Обще-житие (сборник)
Шрифт:

— Что? — спрашиваю у мамы.

— Это лампа.

— Нет! Что? — настаиваю я.

Никак не понимает!

— Лампа, доченька, это лампа.

— Нет! Нет! Это! — злюсь, кричу и плачу я.

— Тень! — наконец догадывается мама. — Это же просто тень, смотри!

Смеется и проводит рукой между стеной и лампой. Серое продолговатое бесшумно скользит по стене и воровски ныряет под стол. Совсем не смешно. Куда же оно делось, ведь было? Хорошо бы потрогать. Но я теперь знаю слово «тень», оно дает хоть какую-то защиту перед жутким явлением.

Я — одинокий полунемой чужеземец в державном мире больших, взрослых. Изо всех сил стараюсь понять их обычаи и язык. Мои же обычаи им не нравятся, они меня не понимают и говорят «нельзя!». Нельзя сидеть под столом, нельзя брать спички, нельзя плевать в кашу, нельзя кататься на двери, нельзя ковырять в носу, нельзя ходить задом наперед, нельзя показывать язык, нельзя ступать в лужу, нельзя бородавчатой

тетьке Таське кричать «Уйди!». Нельзя, нельзя, нельзя… А что можно?
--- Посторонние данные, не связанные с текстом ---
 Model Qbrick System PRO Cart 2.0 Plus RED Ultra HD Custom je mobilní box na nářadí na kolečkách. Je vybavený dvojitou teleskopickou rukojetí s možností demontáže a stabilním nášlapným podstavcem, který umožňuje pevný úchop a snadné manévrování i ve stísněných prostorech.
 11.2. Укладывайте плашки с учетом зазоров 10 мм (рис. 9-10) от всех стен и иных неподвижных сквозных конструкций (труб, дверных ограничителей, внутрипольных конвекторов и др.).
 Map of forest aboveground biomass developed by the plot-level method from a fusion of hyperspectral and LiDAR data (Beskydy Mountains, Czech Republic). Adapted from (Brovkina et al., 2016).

Можно то, что не хочется и противно. Например, слушаться, есть манную кашу, не болтать ногами сидя, говорить «спасибо» и «больше не буду», ложиться спать… Если не слушаешься, то грозятся намазать палец йодом. Того гляди и намажут…
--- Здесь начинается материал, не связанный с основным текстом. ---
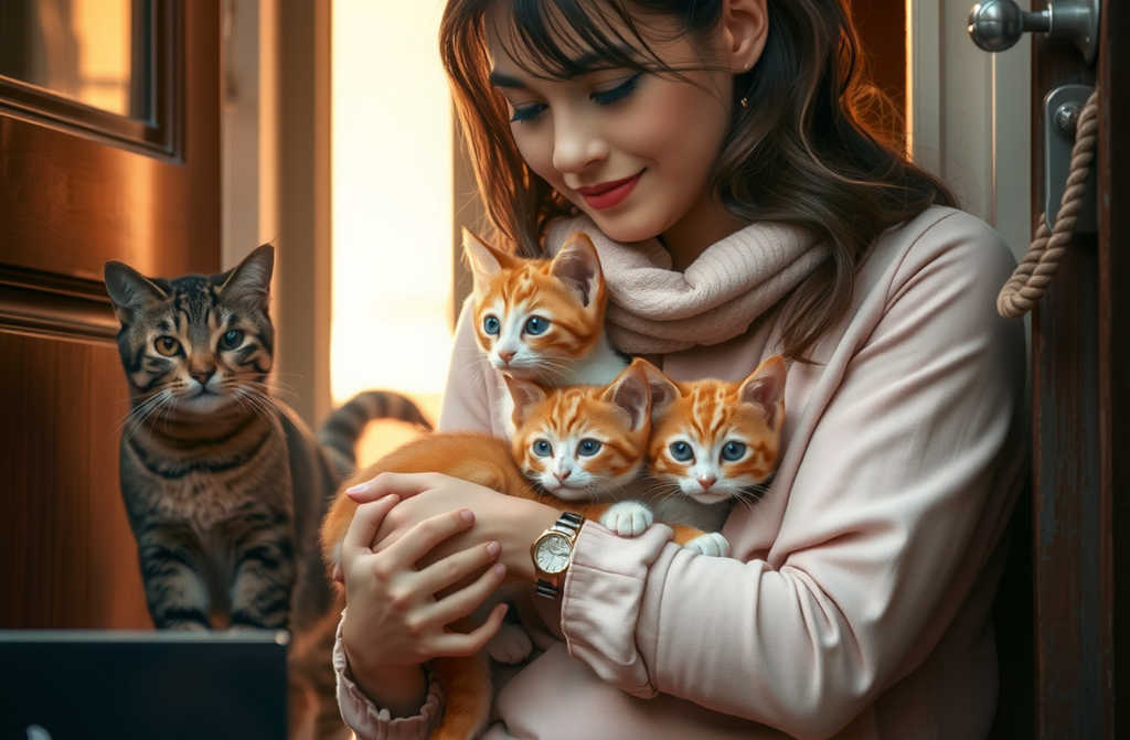 Well, excuse me! I called out, ready to close the door just as he reappeared, this time with a tiny ginger kitten dangling from his jaws.

На окнах переливаются белесые метелки и длинные иглы — значит, зима. Интересно поворачивать голову туда-сюда, тогда по иглам пробегают остренькие красные-зеленые-голубые огоньки. Чем быстрей ею крутишь, тем проворней бегают искорки. Я повелеваю ими, как настоящая взрослая волшебница из сказки. Захочу — быстрей, захочу — медленней. Я колдунья, а никто это не знает. Вот сейчас замру — и огоньки замрут.

— Что ты у окна торчишь? Дует, простудишься. И не надо так головой вертеть, это очень вредно. Может голова закружиться. Поди лучше поиграй…
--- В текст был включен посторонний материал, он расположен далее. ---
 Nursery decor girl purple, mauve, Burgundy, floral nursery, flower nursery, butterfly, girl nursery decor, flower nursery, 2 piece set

Как это может голова закружиться? Сама возьмет и вдруг закружится? Я могу сама закружиться, а отдельно голова — нет!

В коридоре у дверей мои саночки с железными полозьями. Усаживаю зайца, деревянную пирамидку из цветных колесиков, куклу Брюнету и куклу Левку. У Левки тело вялое, тряпичное, к нему нитками прикреплена голова из целлулоида, а к животу пришиты дурацкие трусы в полоску, я его не люблю. Ужасно раздражает нарисованная желтой краской на скользкой лысой голове челочка — это меня хотят так обмануть, чтобы я думала, что это волосы. Они думают, я глупая. Вот у большой Брюнеты настоящие кукольные волосы из черных ниток и крепдешиновое оранжевое платье с пуговками, перешитое из моего, которое еще раньше, до войны (это такое время, называется «довойны») было маминым выходным. Брюнета очень важная дама. Про нее бабушка поет песенку: «Жила-была кукла, очень важная дама, сама ходить умела от стола до дивана, ля-ля-ля». Я тяну санки по полу за веревочку, катаю по коридору своих детей — зайца и даму Брюнету, ну уж и Левку с пирамидкой посадила заодно, но позади всех. «Ой, мне просто нехорошо от этого звука, — высовывает из двери голову бабушка, — ты можешь играть тихо? Лучше идем со мной. Будешь хорошая девочка — дам тебе соль».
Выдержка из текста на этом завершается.